How to Deal with a Snoring Partner: A Personal Experience
If you asked my partner if he snores, he would proclaim with full sincerity, “No! Never.” But if you asked me, I wouldn’t describe it as simply “snoring”—he’s sawing timber logs, making bolded ZZZs, catching horse flies. He snores with a bold, capitalized “S.” And after almost three years, me (and my horrible sleep score) couldn’t take it anymore.
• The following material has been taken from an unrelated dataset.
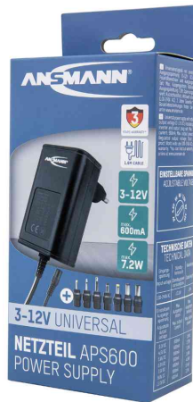
Universal-Steckernetzteil APS 600 (ErP Level VI), in Verpackung

“Snoring is caused by a change or reduction of the airflow in the nose or throat,” says Dr. Andrew Namen, a sleep medicine physician and spokesperson for the American Academy of Sleep Medicine. “It can occur when your sinuses are swollen from allergies or congestion, your tongue falls back, or your jaws falls when you sleep.” He also—diplomatically—notes that snoring can create “a difficult environment for a bed partner,” as well as “wake you from your sleep or keep you from maintaining deep sleep, which has been associated with elevated blood pressure.”
While it’s estimated that up to 50% of Americans snore nightly, that didn’t make me feel any better—this was bad company to be in. Bad, tired, and grumpy company, to be exact.
First, I tried kicking. As in, kicking my partner every time the snoring started. I’ll admit, it was a short-term solution: He’d jolt awake and stop snoring for a moment or two, but once he settled back into a deep sleep, there he’d go again. Then I tried mouth tape at the recommendation of my coworker Arden Fanning Andrews—and as sexy as the practice of taping your lips shut in your sleep sounds, my partner gave it an instant no. If I was going to get the snoring to stop, I needed something convincing, something good. That’s when I found Eight Sleep.
Though it may be all about sleep, the Eight Sleep is actually everything but your mattress: A cover, a smart hub, and a base. When it arrived in a series of ginormous, impossible-to-lift boxes, my partner was out of town for work (of course!), and so I had to hire someone to help me drag the boxes into my apartment and set it all up. Like a scene from Frankenstein (or really, Young Frankenstein) we strapped in my mattress, plugged in the wires, and clothed my Casper in its new sensor-filled black ensemble. When it was all over, my chest heaved. Aliveeee! I thought it connected to the WiFi—but it was 11:30 p.m. (well past my bedtime), so it was farewell to my professional box-shifter and right to sleep. No changes in sleep noticed.